Do you prefer to be called Sir, Mix or Anthony?
Most people just say Mix because it’s less syllables that Anthony, but I’m not into that ego thing. Anything but “asshole” is fine with me. In this business, you grow thick skin quick.

So the obvious question: Why does Sir-Mix-a-Lot have a show about flipping houses?
[Laughs] I wasn’t really interested in doing a show at all. The last thing people need is another one of these, but every time I’ve bought a house, I always bought ’em in down markets. The only thing that doesn’t drop in a down market is entertainment money. I’ve probably flipped around five homes and own four more.

How do we go from that to Sir Mix-a-Lot’s House Remix?
I build a lot of stuff, but I’m not a “construction guy.” But I’m one of these guys that sits with his hands on his hips and tells you I’m gonna fix everything. [Laughs] When I bought one house, it was nothing like it is now and everybody started saying, “Who designed this?” and “Whose idea was this?” It was me. The producer looked at the before-and-after of the house and he was like, “You really did this?” I ain’t building no damn house, but I’m not one of these cats that’s scared to pick up a hammer.
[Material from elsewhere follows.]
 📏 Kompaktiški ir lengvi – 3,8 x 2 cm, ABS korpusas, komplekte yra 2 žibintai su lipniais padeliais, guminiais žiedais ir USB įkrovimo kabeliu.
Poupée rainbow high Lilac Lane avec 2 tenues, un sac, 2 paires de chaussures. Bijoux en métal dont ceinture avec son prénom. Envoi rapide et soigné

Did you ever consider calling the show Flip Hop?
Y’know, actually I did.

Really? That was just a joke.
They wanted something with “Mix” in it. I personally didn’t care, I probably would’ve preferred that actually, but they wanted it. Someone [at the network] suggested Sir Flips-a-Lot and I said, “Hell no. I’ll pull out a gun and blow your ass away if you make that the title.” I didn’t want any “Sir” in it at all.

Wait, but if they’re proposing Sir Flips-a-Lot, why wouldn’t they call the show Sir Fix-a-Lot?
I don’t want that either.

Doesn’t that make more sense, though?
Yeah it would, but you know, they were saying “flips” as in flips a lot of houses but still man, that’s cornball.
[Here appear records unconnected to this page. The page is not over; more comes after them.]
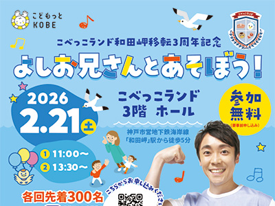 【2月21日(土)開催】こっべこランド和田岬移転3周年記念 よしお兄さんとあそぼう!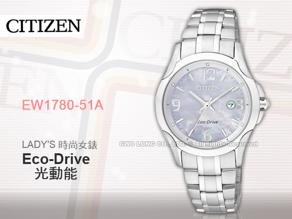 EW1780-51A CITIZEN 光動能指針女錶 不鏽鋼錶帶 白碟貝錶面 生活日常防水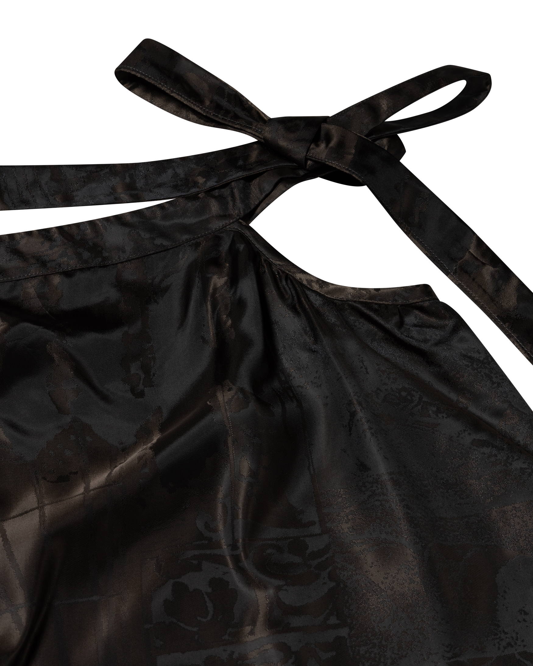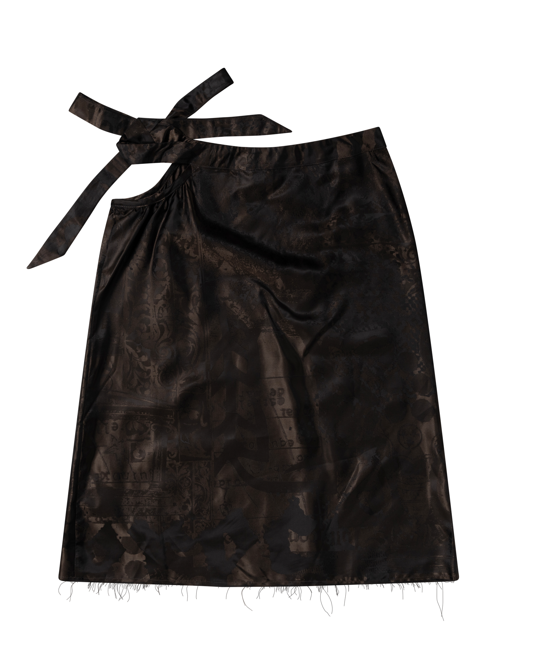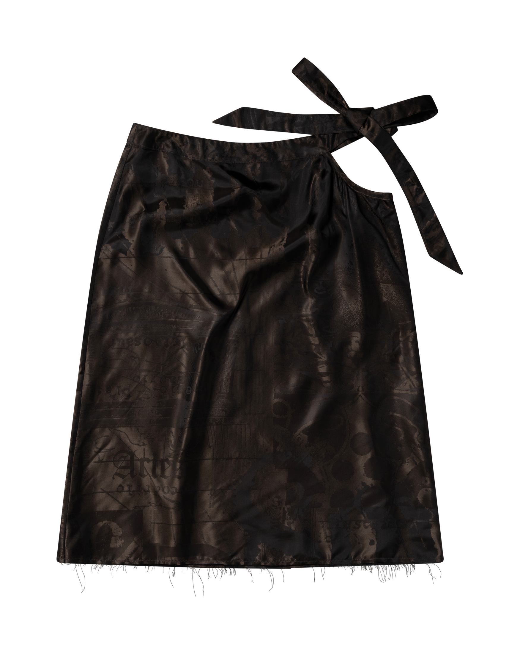 Mid length skirt with a tie side cut out detail in a luxe silky fabric featuring an all over custom Aries Jacquard.

That’s fair. If I went to Seattle and saw a guy named Sir Flips-a-Lot, I would think it’d be like a Medieval Times character.
Yeah, but if you were watching HGTV and you saw a guy named Sir Flips-a-Lot, you’d be like, “Oh, this is a guy that flips houses.”

But if there was a corny guy named Sir Flips-a-Lot on HGTV and you saw that, you would definitely try to sue him, right?
[Laughs] Oh definitely, yeah yeah. We gotta do it, man. But there’s a whole lot of Sir everything. Let’s face it: It all came from Lancelot, I think. I don’t know.

Let’s move on. You say in the show, “I love big kitchens and I cannot lie.” That’d be a weird thing to lie about.
Yeah, it is kind of strange and I do have a big one too, man. I like kitchens. I’m a kitchen and bathroom freak. You could actually – and I mean literally – get a Volkswagen in my shower at my house. I spend so much time on the road, I got to see the presidential suite at the ARIA [hotel in Las Vegas] and when I saw that, that’s what gave me the inspiration for the shower in my house.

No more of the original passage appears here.